All such questions of mine stood answered when I first read the speech of 
the "AchAryA" I just quoted yesterday in my post to you.

The following passage from it, particularly, clearly explains (to me at 
least) why Swami Desikan behaved the way he behaved when he asked his wife 
to trash the gold-filings they found in the rice she was husking one day at 
home in Kanchi:

"….brahmins alone are permitted by the sAstrA-s to beg
for a living ("Unchavrtti"). But the sAstra also has it that the brahmin 
must not accept more charity than what is needed for his bare sustenance. If 
he received anything in excess, he would be tempted to seek sensual 
pleasures and thereby an impediment would be placed to his inner 
advancement. There is also the danger that he would become submissive to the 
donor and of his twisting the sastrA to the latter's liking."

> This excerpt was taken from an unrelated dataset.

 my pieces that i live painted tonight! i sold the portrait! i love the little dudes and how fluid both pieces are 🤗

   **********        ************      ***********

Some members, I notice, have quoted Vedic and "itihAsi-c" sources to show 
that wealth acquisition is not outright prohibited for a "gruhastA". 
Brahmins are permitted to earn, they seem to say, as much as they want in 
any which way as long as it is not dishonest or unrighteous. Also, such 
wealth, once acquired, must not be hoarded but judiciously given away in 
charity and for noble social purposes.

Now, I have no disagreement with what the members have said above. What they 
have quoted, I concur, is indeed the intention of the Veda-sAstrA (to the 
meagre extent to which I am acquainted with it).

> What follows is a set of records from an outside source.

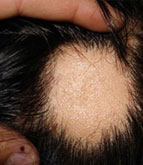 起初为少数圆形或椭圆形脱发区。边缘处常有一些松而易脱的头发,有折断与萎缩现象。如继续进展可成全秃。严重者可发展为普秃。
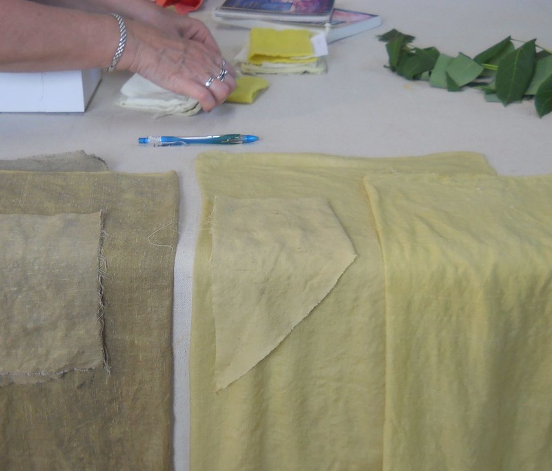 I wish that I had brought a few fabric swatches to try, but I got to see the others’ fabric samples, such as Sharon’s wool felt and Barbara’s silk.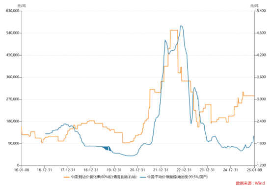 碳酸锂及氯化钾价钱走势,单元:元/吨

But it must not be forgotten that the Vedic precepts these members have 
referred to have an underlying assumption: that the system of "varnAshrama" 
is being wholly practised by society. The Vedic exhortation to acquire 
wealth and spend it wisely is meant for castes other than "brahmins"… it is 
intended generally for the "vaisyA" and "kshatriya" castes. For the brahmin, 
however, the "veda-sAstrA" unambiguously prescribes nothing but bare 
sustenance and a life of constant spiritual endeavour… and "bare sustenance" 
has been well defined by my good, old friend SrimAn Vijayaraghavan of 
Praxair in his little post yesterday.

If brahmins had been allowed by veda-sAstrA to accumulate wealth and then if 
they were to be preoccupied the rest of their lives with how to put it to 
use wisely, they would all be fit to work only as "economists" and 
"investment-bankers" … not vedic practitioners.

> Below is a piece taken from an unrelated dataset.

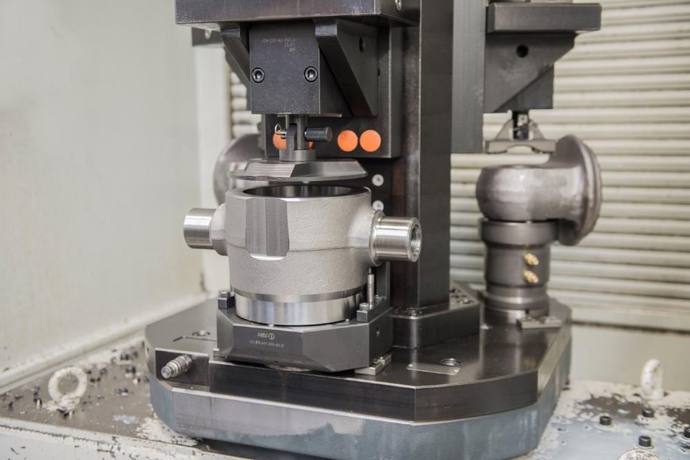 In einem früheren Konzept eines anderen Anbieters wurden zwei Bauteile pro Vorrichtung gespannt und bearbeitet. Dabei haben jedoch etliche Störkonturen die Bearbeitung eingeschränkt. „Unsere Vorrichtung spannt nur ein Rohteil. Das hat die Komplexität reduziert und die Prozesssicherheit deutlich erhöht.“ Nun kann das BAZ mit horizontaler Spindellage und Schwenktisch das Werkstück nach Messung der Lage für jede notwendige Bearbeitung toleranzgenau positionieren. Der Kunde lobte AMF als einen Partner der die Prozesse bestens versteht, auf ihn eingegangen sei und bei dem ein Ansprechpartner aus dem Projektteam immer direkt erreichbar war.

   **********     *************    ************

My good friend Sri.Vijayaraghavan (to whom I am grateful for gifting me two 
years ago with cassettes of Poundarikapuram swami's upanyAsam on 
"yatirAja-saptati")also wrote:

"The net result (of all these discussions) is: We will continue to do
what we are used to do (may be with a little more guilt).  In my opinion, we 
carefully listen to all those wonderful sayings and thoughts and even before 
they start to bear any influence we carefully bury them and proceed to do 
what we are habituated to."

How right he is!! But then that is the choice we all have to make in life, 
isn't it? To deal with 'guilt' or to deal with 'life'? "To be or not be, is 
the question!", said the tragic hero in Shakespeare's "Hamlet".

   **************          ************          *********

Finally, many of you, dear members, were curious to know the identity of the 
"AchAryA" I had quoted.

Even at the risk of being seen to be "praising him personally" on the 
"bhakti-list" and earn thereby all your displeasure, I wish to reveal that 
the "AcharyA" I quoted was none other than the great AdvaitAchArya of 
Kanchipuram (Swami Desikan's native place!): Sri ChandrasekharEndra 
Saraswati (popularly known to his disciples as "Kanchi-periavA").